INPUT MATERIAL:
◇ ◇ ◇ ◇ ◇
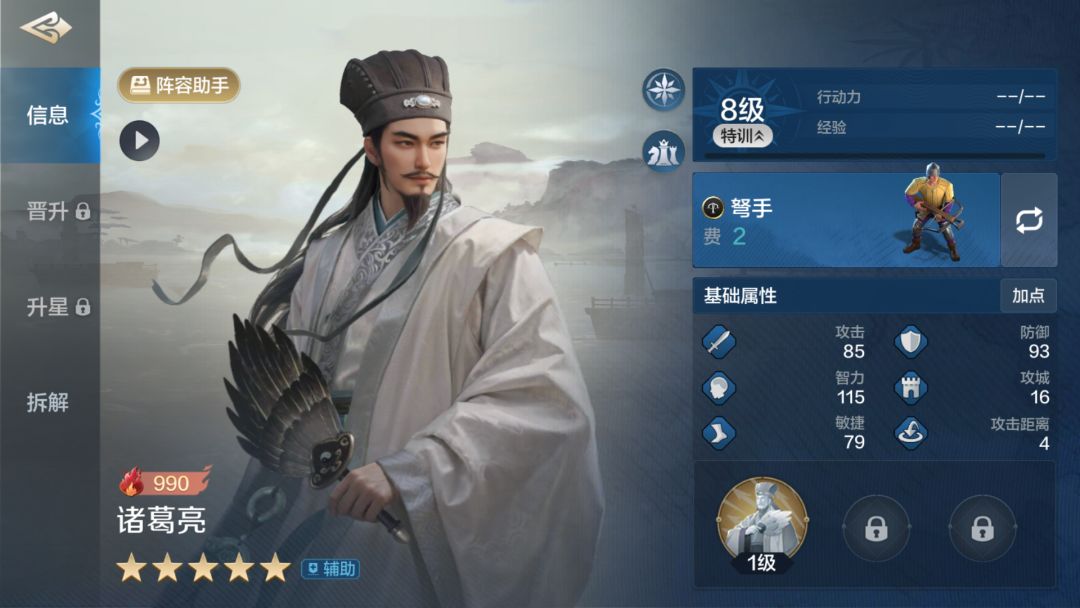 专属技能【千古人龙】满级效果:战斗开始后,每回合开始时,敌军全体智力属性降低(开场)10点,(受智力属性影响,该效果可叠加至战斗结束,无法驱散);奇数回合开始时对随机2名敌军施加失策状态(敌军每次成功发动主动技能时,50%几率打断使其无效)和徒劳状态(敌军每次成功发动追击技能时,30%几率打断使其无效),持续1回合,当失策和徒劳状态触发打断效果成功时,对目标额外造成1次智力伤害(伤害率150%,受智力属性和双方智力属性差值影响)。
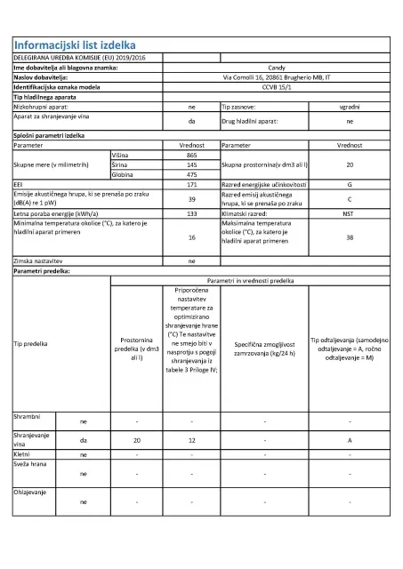 CANDY, CCVB15/1, črna, vgradna vinska vitrina
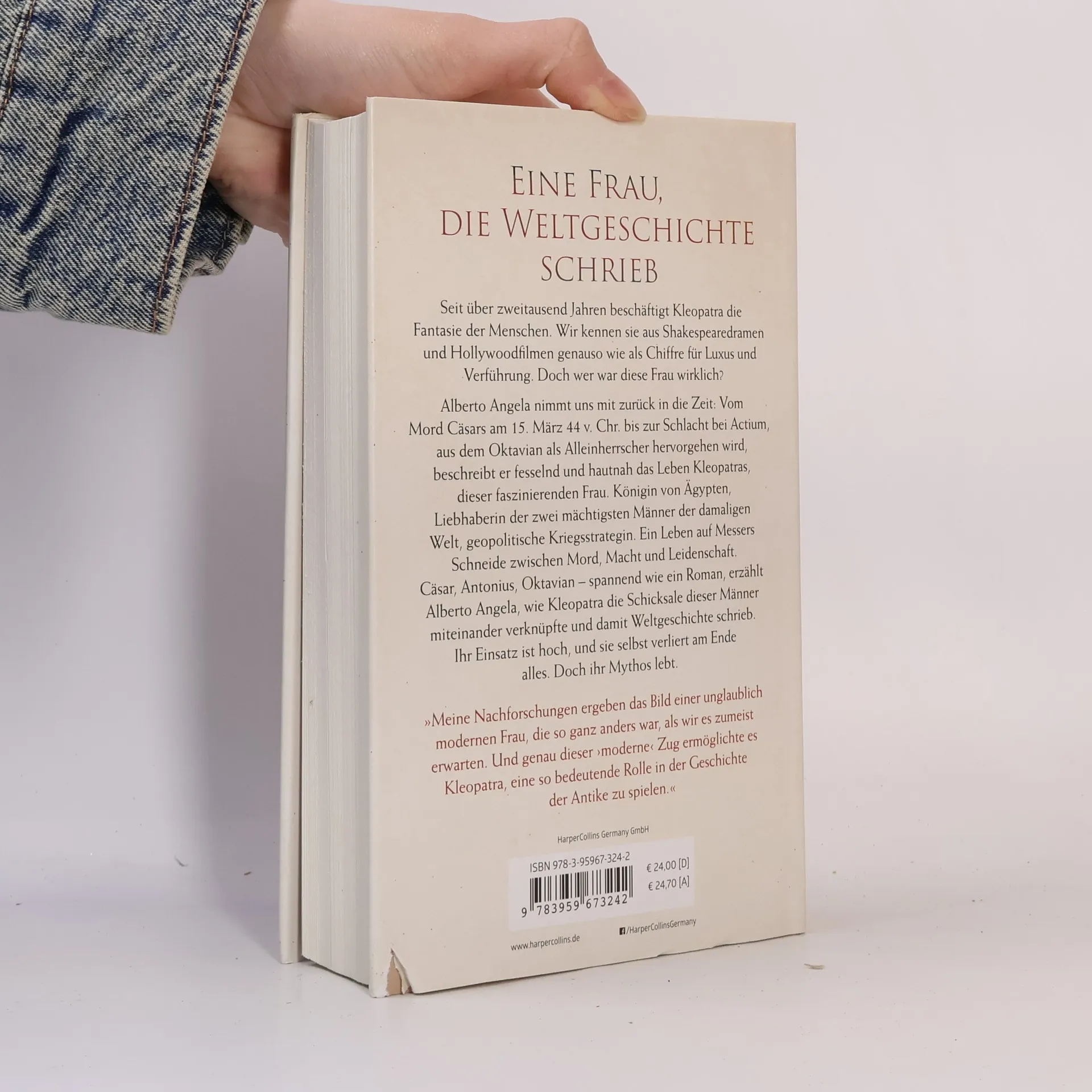 Eine Frau, die Weltgeschichte schrieb Seit über zweitausend Jahren beschäftigt Kleopatra die Fantasie der Menschen. Wir kennen sie aus Shakespearedramen und Hollywoodfilmen genauso wie als Chiffre für Luxus und Verführung. Doch wer war diese Frau wirklich? Alberto Angela nimmt uns mit zurück in die Zeit: Vom Mord Cäsars am 15. März 44 v. Chr. bis zur Schlacht bei Actium, aus dem Oktavian als Alleinherrscher hervorgehen wird, beschreibt er fesselnd und hautnah das Leben Kleopatras, dieser faszinierenden Frau. Königin von Ägypten, Liebhaberin der zwei mächtigsten Männer der damaligen Welt, geopolitische Kriegsstrategin. Ein Leben auf Messers Schneide zwischen Mord, Macht und Leidenschaft. Cäsar, Antonius, Oktavian – spannend wie ein Roman, erzählt Alberto Angela, wie Kleopatra die Schicksale dieser Männer miteinander verknüpfte und damit Weltgeschichte schrieb. Ihr Einsatz ist hoch, und sie selbst verliert am Ende alles. Doch ihr Mythos lebt. » Meine Nachforschungen ergeben das Bild einer unglaublich modernen Frau, die so ganz anders war, als wir es zumeist erwarten. Und genau dieser ›moderne‹ Zug ermöglichte es Kleopatra, eine so bedeutende Rolle in der Geschichte der Antike zu spielen. « Alberto Angela » Vielmehr verbindet Angela auf wunderbare Weise populäre, ja sinnliche Darstellung mit harter Quellenkritik, die aus einem soliden Wissen über das Zeitalter seiner Akteure schöpft. « WELT Online
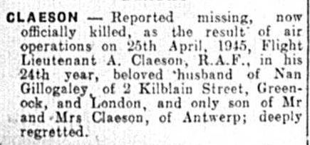 Husband of Nan Gillogaley, 2 Kilblain Street. Born Antwerp
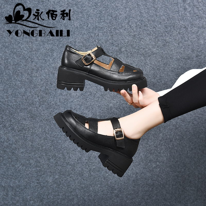 松糕厚底春夏单鞋 英伦风复古罗马凉鞋 女2025新款 真皮玛丽珍小皮鞋
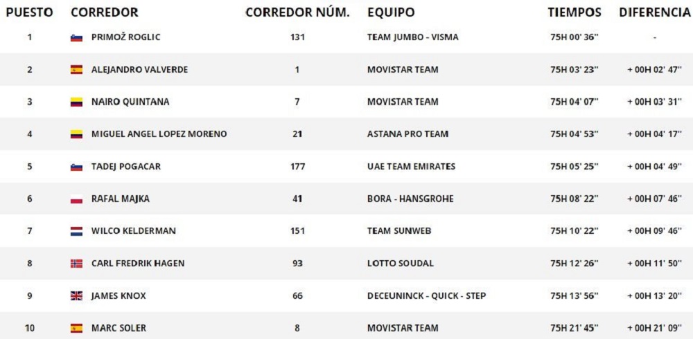 Primoz Roglic (Jumbo-Visma) parece acariciar cada vez más la gloria tras mantenerse un día más en la cima de la general cuando restan sólo dos etapas antes de llegar a Madrid. El esloveno sigue vistiendo el maillot rojo con tiempo acumulado de 75h 00′ 33», así como también sigue al frente de la clasificación por puntos, pero quién vestirá el maillot verde Skoda será el segundo mejor clasificado Tadej Pogacar (UAE Team Emirates) con 92 puntos.
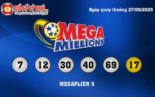 Kết quả xổ số Mega Millions ngày quay thưởng 27/08/2025 (Tính theo giờ Việt Nam) vẫn chưa tìm ra chủ...
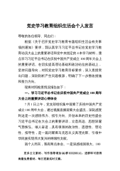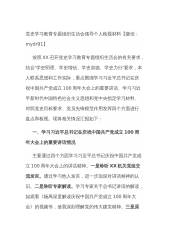 党支部委员党史学习教育专题组织生活会个人剖析发言材料按照党史学习教育办公室关于召开党史学习教育专题组织生活会的安排和部署,本人围绕“学党史、悟思想、办实事、开新局”主体目标,积极贯彻“学史明理、学史增信、学史崇德、学史力行”要求,会前认真学习了习近平总书记在党史学习教育动员大会上的重要讲话、习近平在庆祝建党100周年大会上的讲话和党中央指定的4本学习材料,扎实开展了交流谈心、广泛征求大家意见建议,认真查摆自身存在问题,进行深入党性分析,明确了整改措施。现按照要求作如下检视剖析。一、学习习近平总书记在庆祝中国共产党成立100周年大会上的重要讲话情况通过与办公室同志一同收听收看庆祝中国共产党成立1...
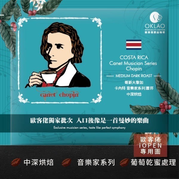 【歐客佬】哥斯大黎加 卡內特音樂家系列 蕭邦 葡萄乾蜜處理 (掛耳包) 中深烘焙 多件優惠
◇ ◇ ◇ ◇ ◇
EXERCISE:
Would you restate the listing word for word without its pictures?

COMPLETED EXERCISE:
 专属技能【千古人龙】满级效果:战斗开始后,每回合开始时,敌军全体智力属性降低(开场)10点,(受智力属性影响,该效果可叠加至战斗结束,无法驱散);奇数回合开始时对随机2名敌军施加失策状态(敌军每次成功发动主动技能时,50%几率打断使其无效)和徒劳状态(敌军每次成功发动追击技能时,30%几率打断使其无效),持续1回合,当失策和徒劳状态触发打断效果成功时,对目标额外造成1次智力伤害(伤害率150%,受智力属性和双方智力属性差值影响)。
 CANDY, CCVB15/1, črna, vgradna vinska vitrina
 Eine Frau, die Weltgeschichte schrieb Seit über zweitausend Jahren beschäftigt Kleopatra die Fantasie der Menschen. Wir kennen sie aus Shakespearedramen und Hollywoodfilmen genauso wie als Chiffre für Luxus und Verführung. Doch wer war diese Frau wirklich? Alberto Angela nimmt uns mit zurück in die Zeit: Vom Mord Cäsars am 15. März 44 v. Chr. bis zur Schlacht bei Actium, aus dem Oktavian als Alleinherrscher hervorgehen wird, beschreibt er fesselnd und hautnah das Leben Kleopatras, dieser faszinierenden Frau. Königin von Ägypten, Liebhaberin der zwei mächtigsten Männer der damaligen Welt, geopolitische Kriegsstrategin. Ein Leben auf Messers Schneide zwischen Mord, Macht und Leidenschaft. Cäsar, Antonius, Oktavian – spannend wie ein Roman, erzählt Alberto Angela, wie Kleopatra die Schicksale dieser Männer miteinander verknüpfte und damit Weltgeschichte schrieb. Ihr Einsatz ist hoch, und sie selbst verliert am Ende alles. Doch ihr Mythos lebt. » Meine Nachforschungen ergeben das Bild einer unglaublich modernen Frau, die so ganz anders war, als wir es zumeist erwarten. Und genau dieser ›moderne‹ Zug ermöglichte es Kleopatra, eine so bedeutende Rolle in der Geschichte der Antike zu spielen. « Alberto Angela » Vielmehr verbindet Angela auf wunderbare Weise populäre, ja sinnliche Darstellung mit harter Quellenkritik, die aus einem soliden Wissen über das Zeitalter seiner Akteure schöpft. « WELT Online
 Husband of Nan Gillogaley, 2 Kilblain Street. Born Antwerp
 松糕厚底春夏单鞋 英伦风复古罗马凉鞋 女2025新款 真皮玛丽珍小皮鞋
 Primoz Roglic (Jumbo-Visma) parece acariciar cada vez más la gloria tras mantenerse un día más en la cima de la general cuando restan sólo dos etapas antes de llegar a Madrid. El esloveno sigue vistiendo el maillot rojo con tiempo acumulado de 75h 00′ 33», así como también sigue al frente de la clasificación por puntos, pero quién vestirá el maillot verde Skoda será el segundo mejor clasificado Tadej Pogacar (UAE Team Emirates) con 92 puntos.
 Kết quả xổ số Mega Millions ngày quay thưởng 27/08/2025 (Tính theo giờ Việt Nam) vẫn chưa tìm ra chủ...
 党支部委员党史学习教育专题组织生活会个人剖析发言材料按照党史学习教育办公室关于召开党史学习教育专题组织生活会的安排和部署,本人围绕“学党史、悟思想、办实事、开新局”主体目标,积极贯彻“学史明理、学史增信、学史崇德、学史力行”要求,会前认真学习了习近平总书记在党史学习教育动员大会上的重要讲话、习近平在庆祝建党100周年大会上的讲话和党中央指定的4本学习材料,扎实开展了交流谈心、广泛征求大家意见建议,认真查摆自身存在问题,进行深入党性分析,明确了整改措施。现按照要求作如下检视剖析。一、学习习近平总书记在庆祝中国共产党成立100周年大会上的重要讲话情况通过与办公室同志一同收听收看庆祝中国共产党成立1...
 【歐客佬】哥斯大黎加 卡內特音樂家系列 蕭邦 葡萄乾蜜處理 (掛耳包) 中深烘焙 多件優惠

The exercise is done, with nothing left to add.